Businesses that involve crawling the web are shot with this question at every platform possible. Our answer to this mundanity- Is viewing a web page on your browser legal? Hell Yes!
Crawling means fetching content from the web pages in an automated manner as opposed to manually opening each page in your browser. The calls made by the browser-agent to the target server that hosts the web page is similar to the way a bot hits a page to grab its content. So why is web crawling a taboo among those who only have learnt to use the term? Mostly because it’s quite often used against the website’s policies and breaks the ground rules of web crawling.
Here are some thumb rules to follow if you want a bot to behave humanly (pun intended).
- Robots.txt – Consider this a filter cum consent form that you should abide by if you intend to crawl that site. It tells you what URL’s you can/cannot crawl. This is rarely bot-specific- even Google bot can’t crawl a blocked page unless the site is worried about that page’s SEO.
- Public content– Crawl only public content keeping copyright policies in mind. If you’re web crawling a site only to reproduce the same content on a new site of yours, good luck with that!
- Authentication-based sites– Some sites need authentication before you could access their content and mostly would discourage crawling because they only want real human beings logging in.
- Crawl delay– robots.txt also lists delay to be maintained between consecutive crawls, if at all, to ensure you’re not hitting their servers too hard. If you overload them with requests, chances are that your IP’s will be blocked.
If you have followed the above points and are still seeking peace with crawling either belonging to the crawling or receiving party, let’s look at why crawling was ever possible.
- Content of a website is made public so that it reaches the public.

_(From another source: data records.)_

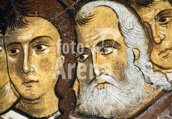 akg212903 Göreme (Cappadocia, Turkey), Karanlik Kilise - Dark Church. "The Arrest of Christ". Detail: Heads of the disciples. Fresco, Byzantine, 2nd half of the 12th century.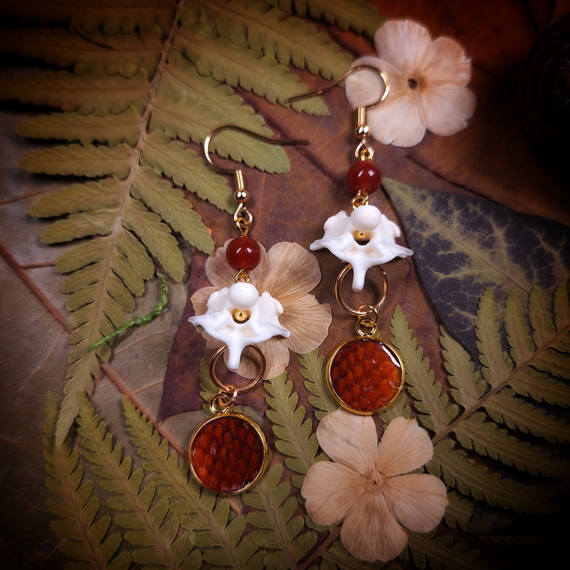 Náušnice s pravými hadími obratli krajty královské, korálky karneolu a pravou hadí kůží fixovanou epoxidovou pryskyřicí.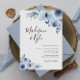 modern dusty blue floral wedding invitation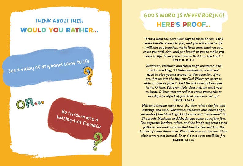 With every turn of the page, kids will be encouraged to dig deeper into their Bibles, as they learn that God's Word is never boring, and it always applies to their everyday lives!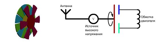 Браво!!! Осталось рассчитать расстояние пробоя от напряжения и площать пластин (соответственно диаметр). А вообще идея неплохая. Только в такой вертушке токи будут болше тогда, когда выше скорость. Что дальше?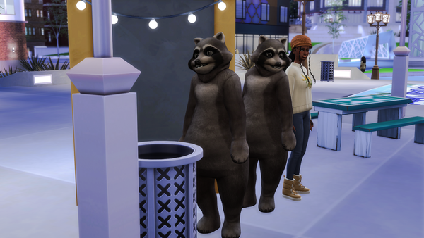I'll stick to birdwatching with Dork, maybe we even spot three raccoons in trench coat if we are really attentive 🦝It does give a surprise when suddenly raccoons appear when visiting areas in the City! It is great photo of them! 🙂 The sim at the back of them looks a bit puzzled.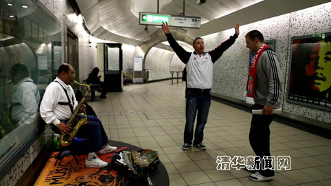 图为片中拍摄的伦敦流浪艺人在表演。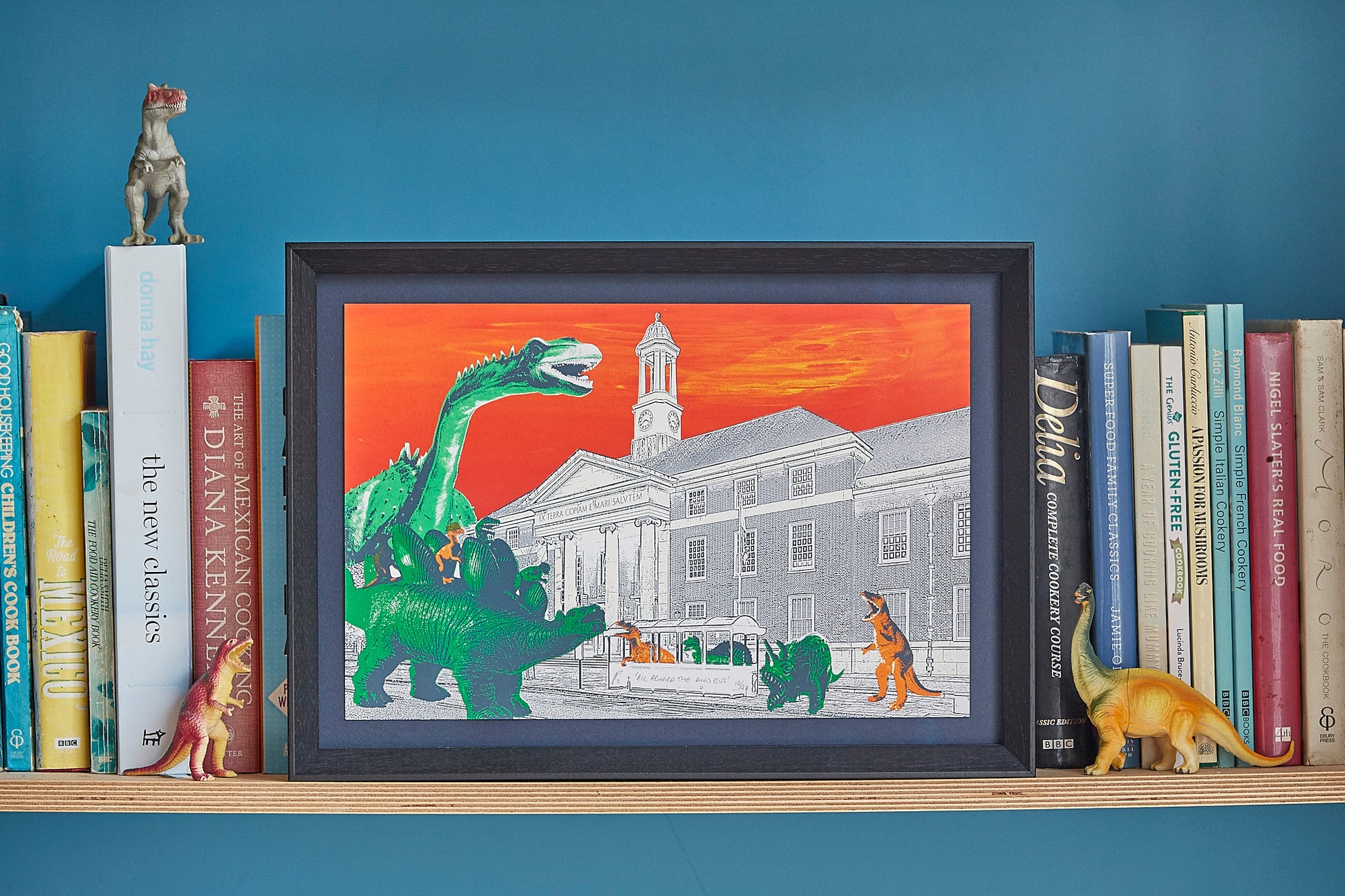 The dino bus is stopping at the Town Hall in Worthing to pick up dinosaurs and take them on their annual holiday to Butlin's in Bognor Regis, they are all singing "we're all going on a dino holiday, no more worries for a week or two..."

More the public reach, better the publicity. Crawling only increases this phenomenon as long as it follows the above rules.
- Some websites host truck loads of information that’s difficult to assimilate manually and hence (like all other technology interventions), a bot has to intervene.
- Many businesses these days proliferate on the data they collect from multiple other businesses (think data analytics). Although they haven’t traded with each of those website hosts, they have built/ rented a complex technology stack by their own means in order to acquire the multifarious data. This process has always helped new businesses jump in.
Conclusion– Crawling is not an under the table activity. It’s just another way of collecting data and needs a lot of intellectual capacity to deal with.
P.S. We’re not lawyers and this post is attributed to our limited knowledge of crawling that’s an integral part of our big data solutions.